I think JSON feed (especially if it is successful — and I really hope it will be! I love this spec, should've said so to start with) will be more on the HTTP end of the spectrum. As a machine-readable and machine-writable format, it'll have various network services that generate, transform, and interpret it. A feed aggregator is one example. If there is a widely used extension, say, _forwarded_for, that shows the URLs of the upstream feeds, you'll never manage to rename it to forwarded_for even if you want to.

You can specify the new name, but everyone will just keep using the name that is generated by the feed server on their random free multi-tenant web host and still works even on their cousin's five-year-old PC.

In short: I predict the _ prefix will make things more complicated.

the conflicts that could happen if there's no prefix on extensions

I don't totally follow here. Do you have an example of a conflict that would happen with no prefix on extensions, and that would be prevented by putting an underscore in front?

Note that new nonstandard HTTP header fields (these days) don't use any prefix (e.g. DNT), and conflicts are not a problem in practice.

manton commented 7 years ago

Good points. You're right that CSS is not the best comparison, although it's still similar in that I think the most popular extensions will be proposed by feed readers.

As for conflicts, let's imagine that sticker in one extension contains a pair of string values (maybe full_url and thumbnail_url), and in another extension is an object with different members (maybe type, size, and url). It's true that the conflict is there whether the field has an underscore prefix or not. But the problem gets worse if there's no prefix, because if we bring one version of the extension into the spec, and new feed readers adopt it, those feed readers will be surprised when they encounter the same field name with a completely different structure underneath it.

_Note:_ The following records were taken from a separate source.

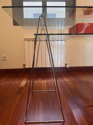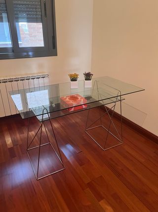 Mesa de Kare Design con sobre de cristal y estructura metálica. - Diseño moderno y minimalista. - Patas metálicas en forma de pirámide. - Superficie de cristal transparente. Tiene una pequeña raya en el centro de la mesa que se ve en la foto. Ese es el único fallo.
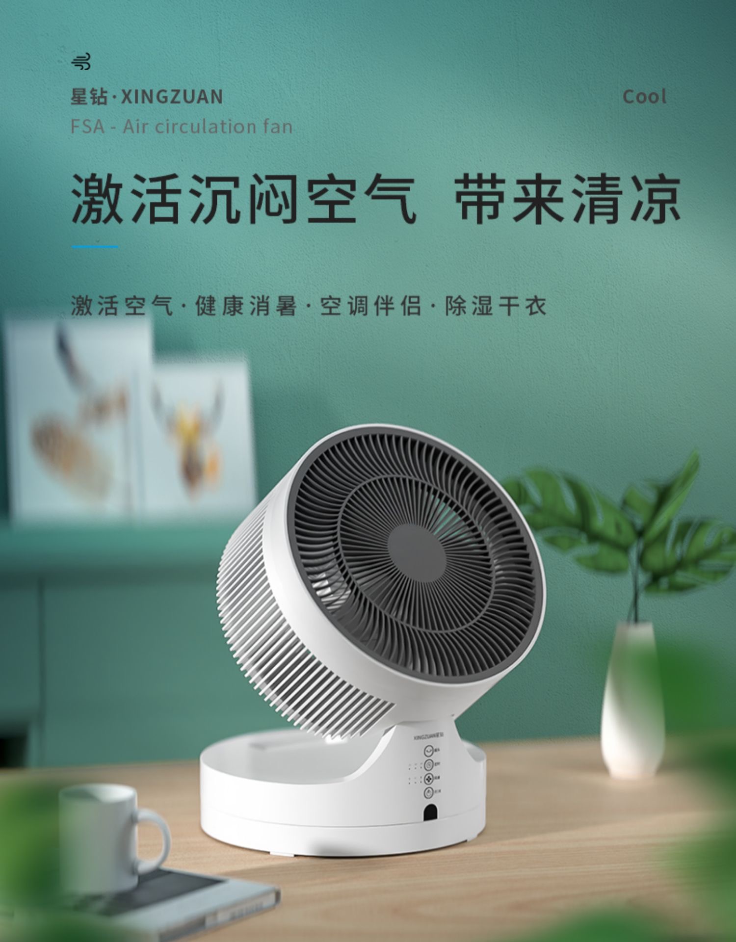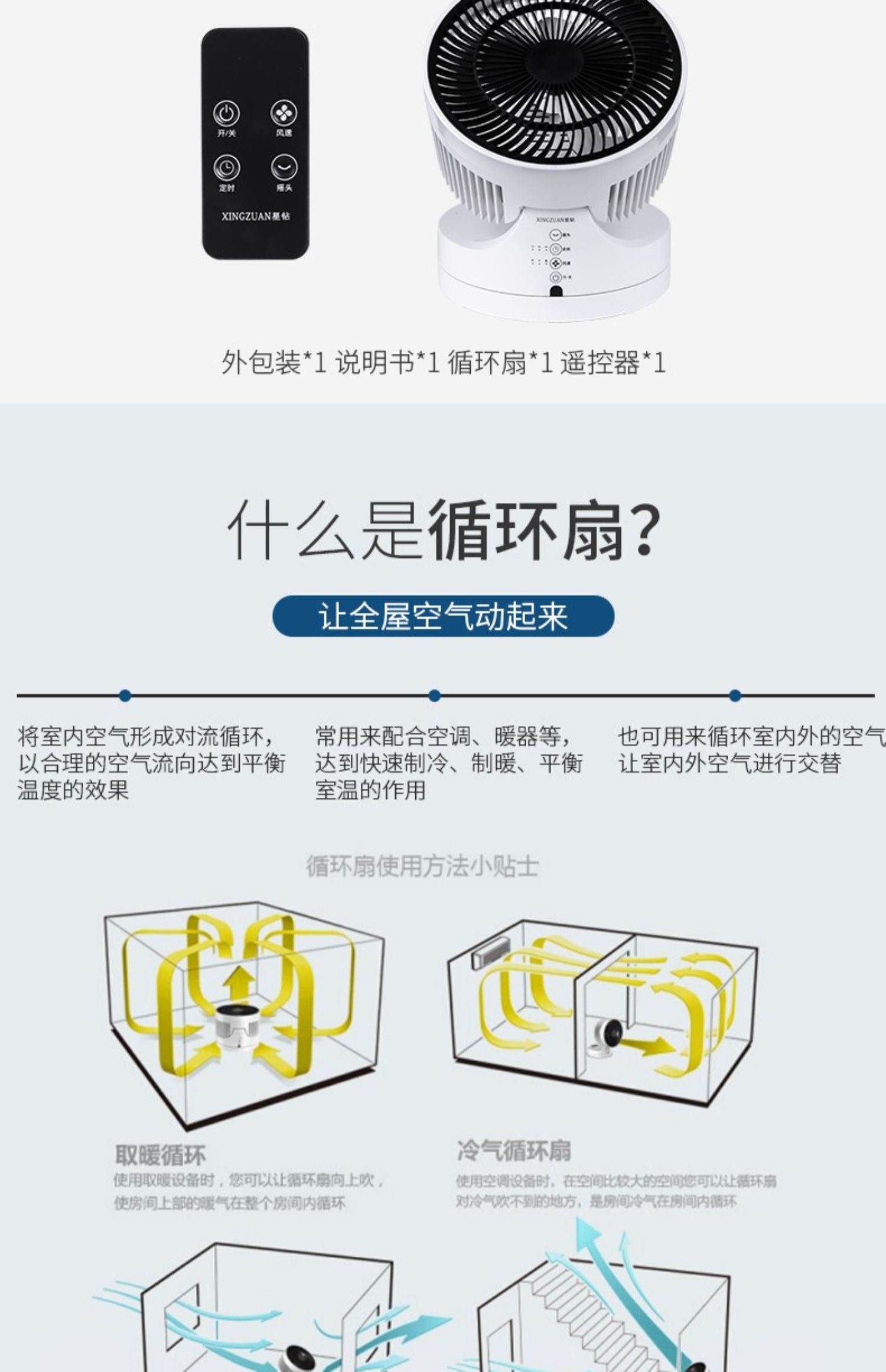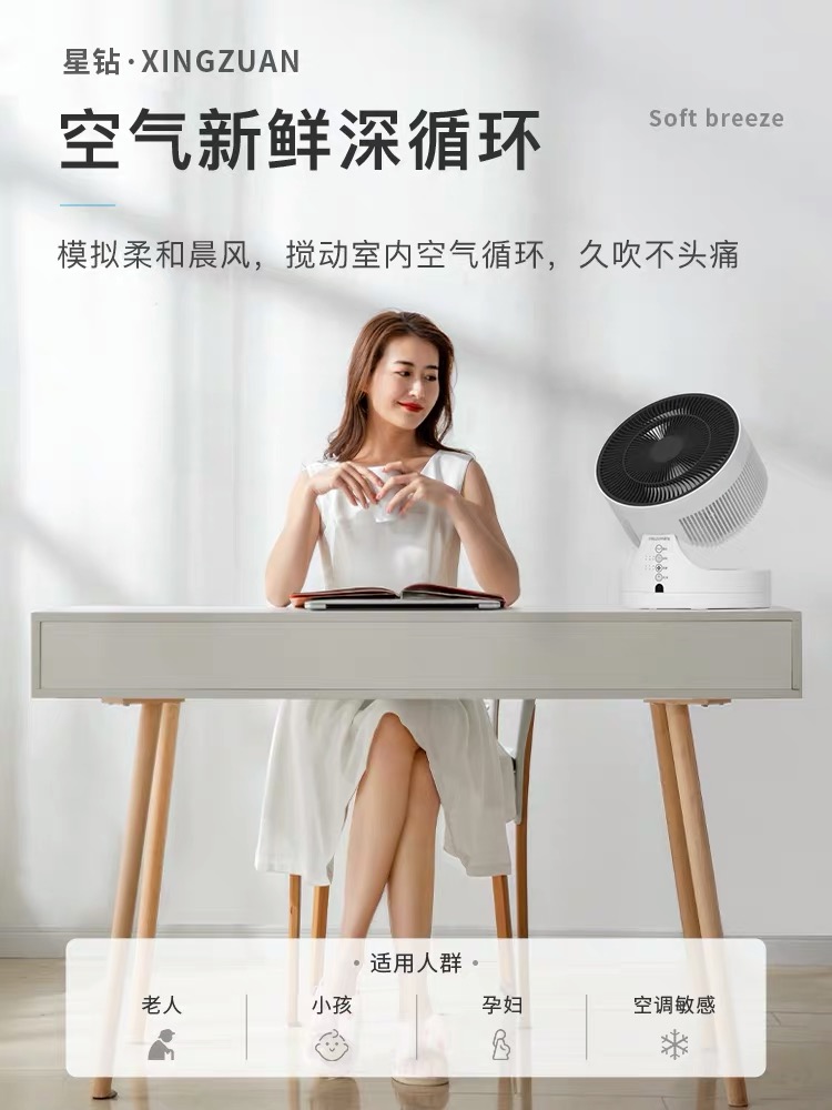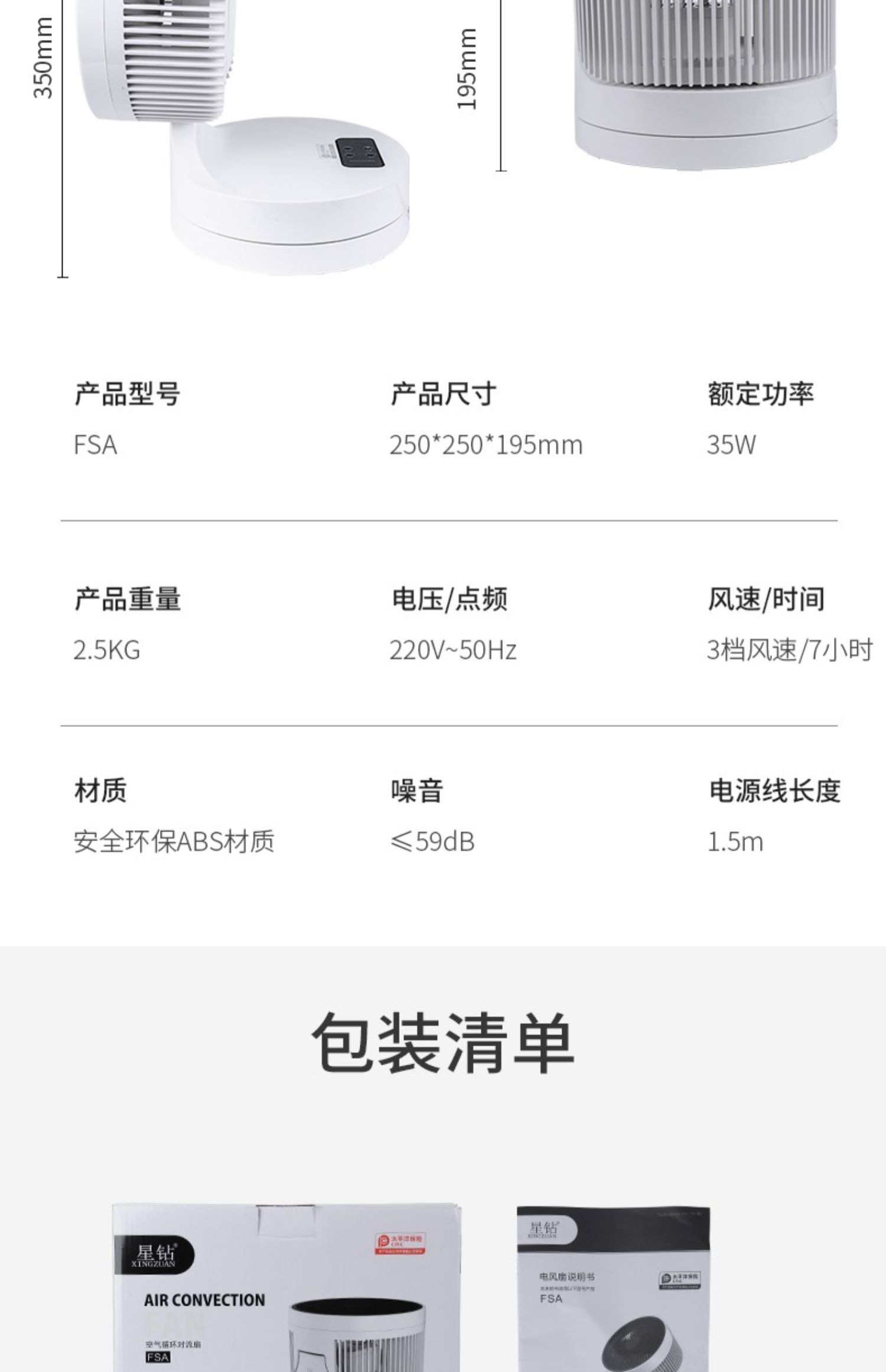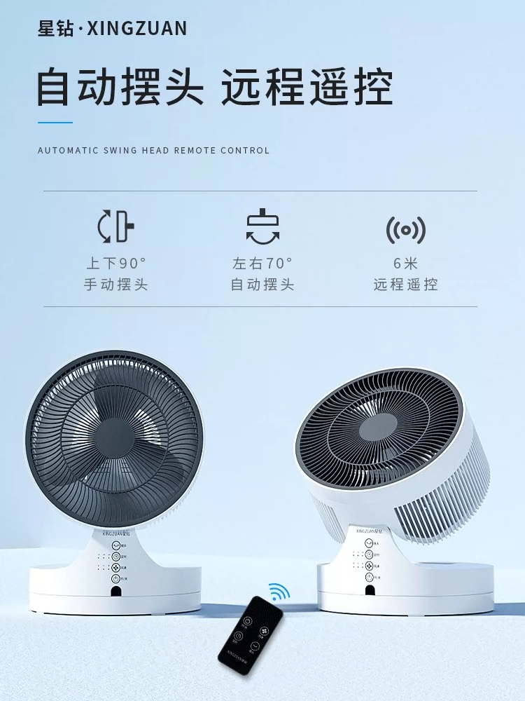 星钻空气循环扇涡轮对流电风扇台扇小型台式家用折叠遥控静音风扇FSA
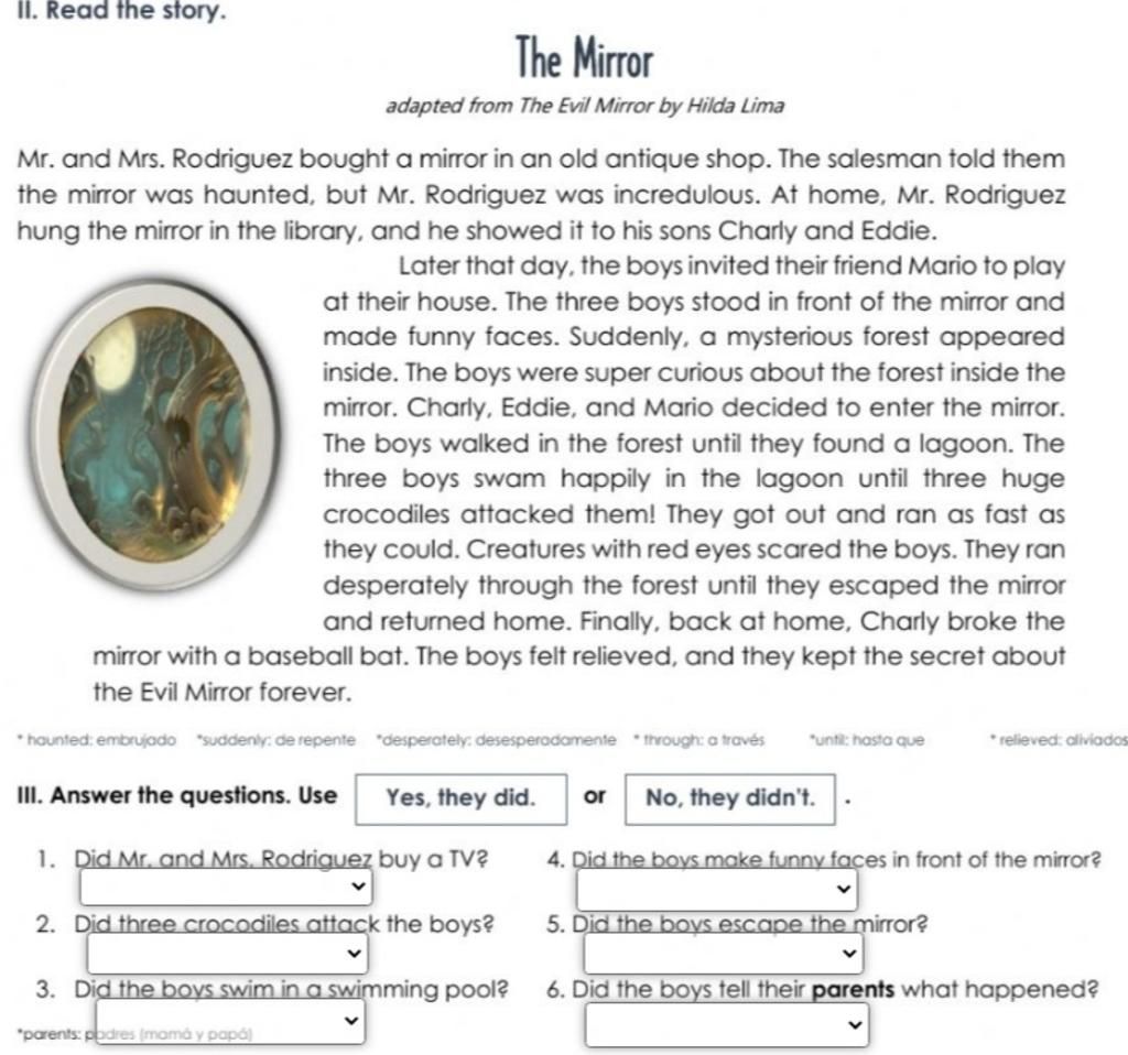 1. No , they didn't. (Dòng số 1 ; phải là buy a mirror )
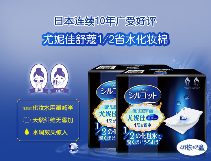 尤妮佳 舒蔻1/2省水 王一博同款 湿敷补水不掉絮柔软型 化妆棉 卸妆棉洗脸巾40片 (日本原装进口)*2
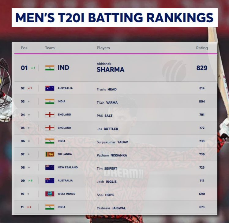 बता दें कि वेस्ट इंडीज के खिलाफ हाल ही में खत्म हुई टी20 सीरीज़ में ट्रेविस हेड के खराब प्रदर्शन की वजह से उन्हें एक पायदान का नुकसान झेलना पड़ा। भारत के लिए अब तक सिर्फ 17 टी-20 मैच खेलने वाले 24 साल के अभिषेक शर्मा के रेटिंग पॉइंट्स 829 हैं और ट्रेविस हेड 814 रेटिंग पॉइंट्स के साथ दूसरे स्थान पर हैं।
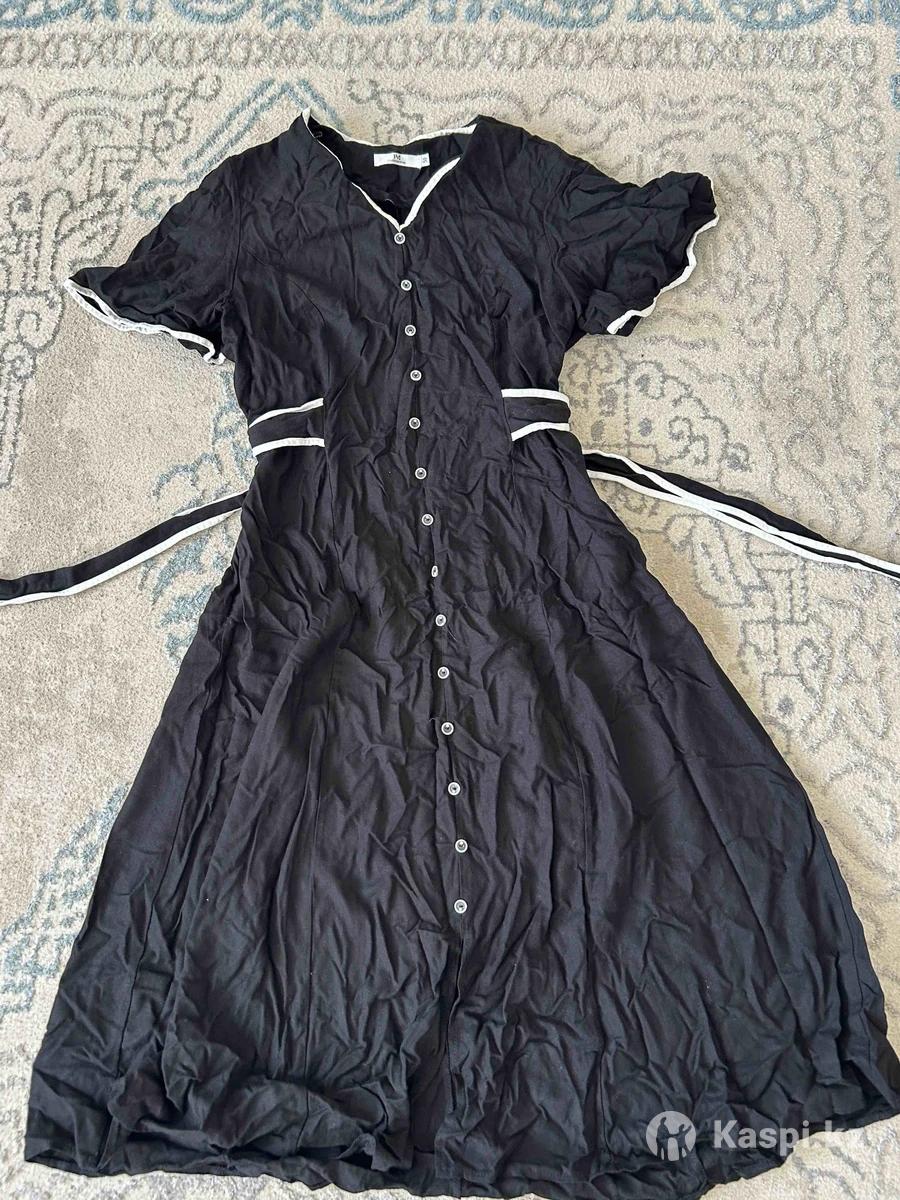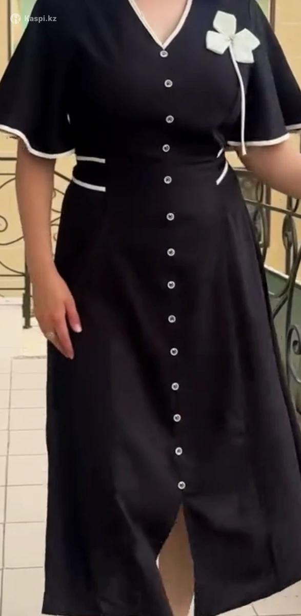 Продам элегантное черное платье Стильное платье миди с V-образным вырезом Отлично сидит по фигуре, подчеркивая талию. Универсальный вариант для любого повода В отличном состоянии
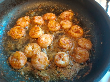 В сковороде с толстым дном разогрейте растительное масло. Отправьте креветки обжариваться. Готовьте до тех пор, пока они не начнут скручиваться в колечки и не приобретут красноватый оттенок. Постоянно помешивайте, чтобы креветки приготовились равномерно. Я обжаривала около 6-8 минут.
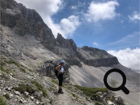 Wenn man tut was man liebt, ist man hoch motiviert. Bald schnürte ich die Schuhe für längere Runden. Eine Freundin wollte am Karlsruher Marathon teilnehmen und suchte eine Begleitung. Ich sagte ihr zu aber sie musste mir folgendes versprechen: ganz hinten starten, langsam laufen, niemals auf die Uhr schauen und wer keine Lust mehr hat steigt aus. Das Projekt gelang. Wir waren glücklich. Aber Stadtmarathons mag ich nicht. Mein Bewegungsfreak schickte mich in den Wald und in die Hügel, dann auf die Pfade und dann in die Alpen. Zur simplen rhythmischen Bewegung kam nun ein prickelndes, koordinatives Spiel. Ich war restlos begeistert und meldete mich beim Zermattmarathon an. Auch dieses Projekt gelang. Aber mit Tausenden am Start stehen mag ich nicht. Mein Bewegungsfreak suchte kleine Veranstaltungen und wurde in der Skyrunning Szene fündig. Meine Lieblingsstrecke in diesem Laufkalender ist der Trofeo Kima. Die längste Strecke, die ich jemals gelaufen bin, war der Südtirol Ultra Skyrace. Wer kein Wettkampf-Gen besitzt läuft solche Strecken eigentlich am liebsten alleine. Für die eigene Sicherheit ist man nämlich mit und ohne Startnummer selbst verantwortlich. Aber ich dachte mir: bei einem Unfall mit Startnummer funktioniert bestimmt die Rettung besser, weil die Bergwacht bereits an der Strecke steht.
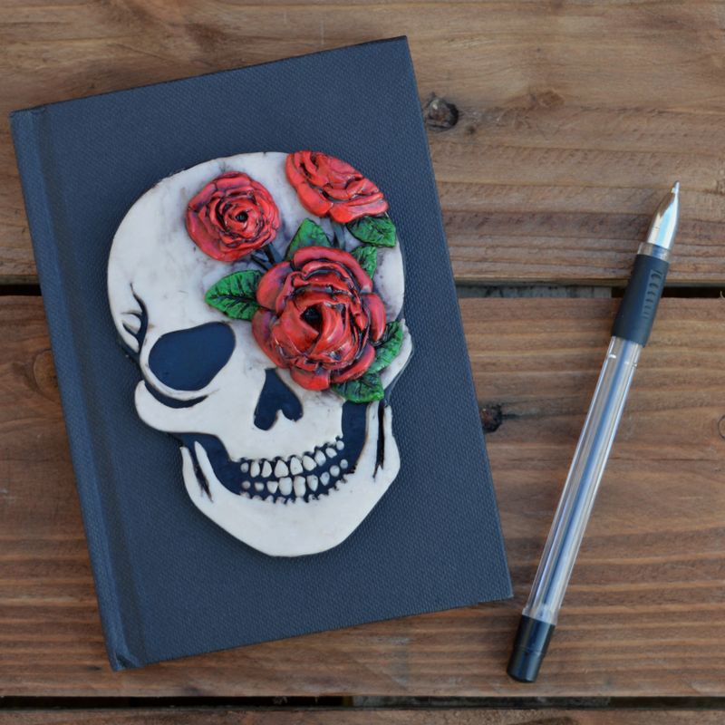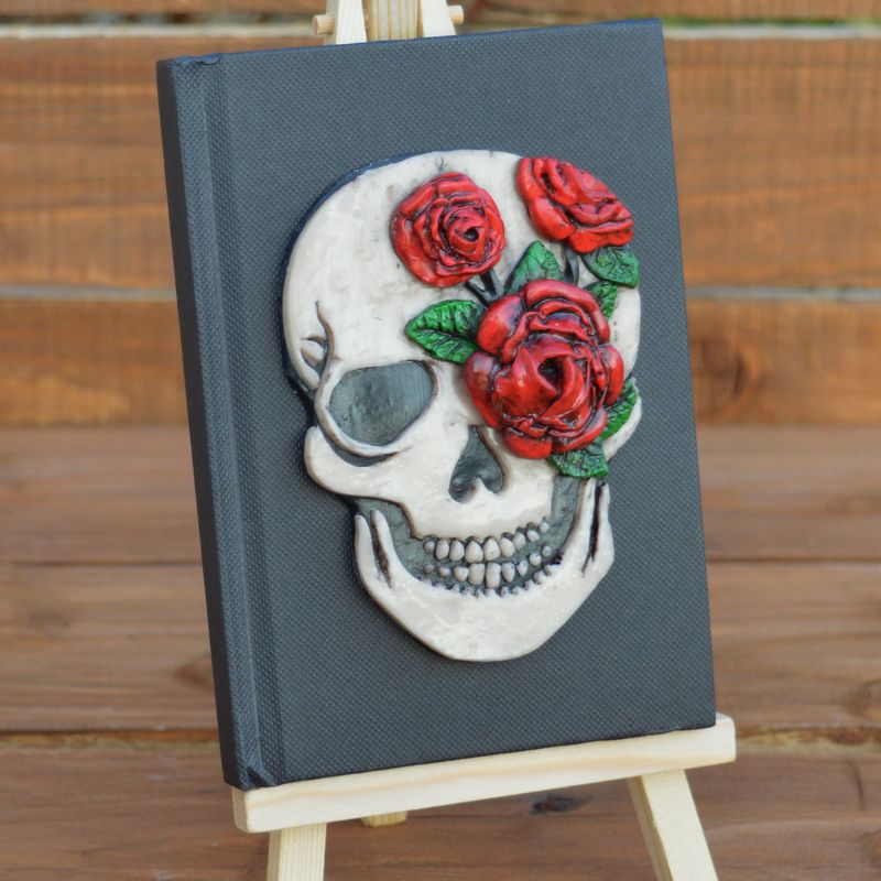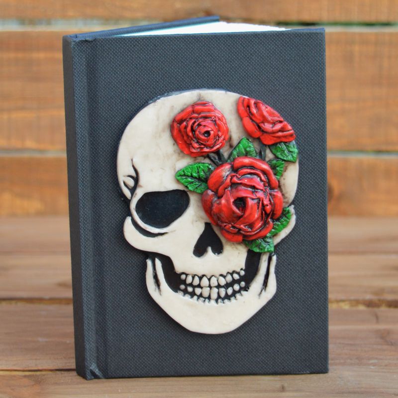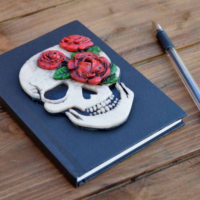This skull and rose notebook has been sculpted by hand and features a large skull and rose design. This black notebook measures 6 inch x 4 inch and is flat backed so is easy to write in. This book also has lined pages. This design has been created using a hand drawn illustration originally drawn by us so is totally unique. SHIPPING FROM THE UK - Shipping Prices Vary - www.redvesseldesigns.com

In this scenario it actually becomes difficult to even check whether a feed is valid. As soon as we promoted an extension with a conflicting name like that into the spec, we'd actually invalidate other feeds that used to be perfectly fine (the sticker extension that used the thumbnail_url value, for example, when the spec now says it must be an object with 3 different required members). The prefix should prevent that from happening.

manton commented 7 years ago

As @sonicdoe pointed out in another issue, extensions have to be objects, so my sticker example above was originally too much of a simplification. I've edited it to fix this. I think the point is the same either way. Thanks!

kornelski commented 7 years ago

The situation with one key having two different bodies in two different implementations may happen indeed, but I think it's not too bad for two reasons: a) it can be made less likely, b) even if it happens, it can be resolved.

It can be made less likely by tracking what extensions are used in the wild, and asking people to propose/register extensions they use. It is in implementors' interest to have their extensions widely known, conflict-free, and compatible with other clients.

And even when a conflict happens, it can be fixed:

kr commented 7 years ago

Aha, I see. Yeah, of course I can't say that such a conflict wouldn't happen. (But as @pornel mentioned it's in everyone's interest to avoid conflicts, so they seem unlikely. This matches what's happened so far with HTTP.)

In that unfortunate scenario, I agree the spec wouldn't want pick just one of the two sticker extensions to standardize. I think a reasonable thing to do would be to use a new name such as badge or stickie or whatever. Then this problem reduces to the same problem as with _ prefixes, except now it only happens when there is actually a conflict.

But I appreciate that all that might end up still being a confusing situation. Thanks for hearing me out.

dshanske commented 6 years ago

Reading, it says the prefix applies to new objects, not necessarily extra and established properties inside an existing object. For example, I just added a syndication property to items based on alternate copies of it. This isn't an object.